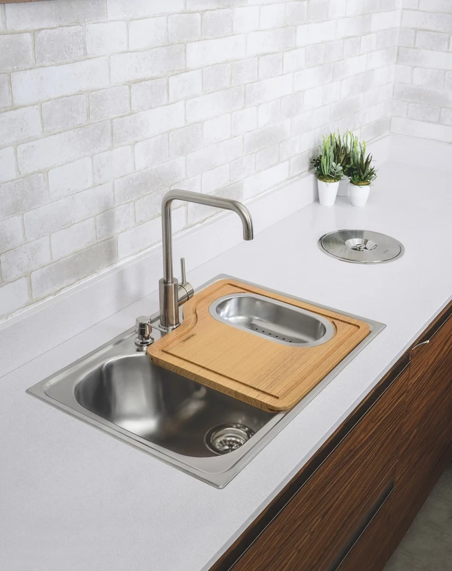Cuba de sobreponer Tramontina de acero inoxidable con terminación satinada, 69 x 49 cm, con basurero de embutir de 5 l de capacidad, tabla de madera, dosificador de jabón, canasto colador y válvula.
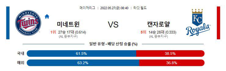 【MLB】 5월27일 미네소타 vs 캔자스시티
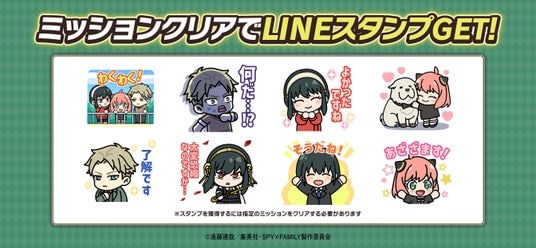 期間中、TVアニメ『SPY×FAMILY』コラボ開催を記念した限定LINEスタンプ(全8種)を配信します。コラボスペシャルステージ1を5回クリアすることで入手が可能です。詳細はゲーム内のお知らせをご確認ください。

============================================================

**Problem to solve**
Each line above must be set down exactly, though no picture should be carried over.

**Output for this task**
Cuba de sobreponer Tramontina de acero inoxidable con terminación satinada, 69 x 49 cm, con basurero de embutir de 5 l de capacidad, tabla de madera, dosificador de jabón, canasto colador y válvula.
 【MLB】 5월27일 미네소타 vs 캔자스시티
 期間中、TVアニメ『SPY×FAMILY』コラボ開催を記念した限定LINEスタンプ(全8種)を配信します。コラボスペシャルステージ1を5回クリアすることで入手が可能です。詳細はゲーム内のお知らせをご確認ください。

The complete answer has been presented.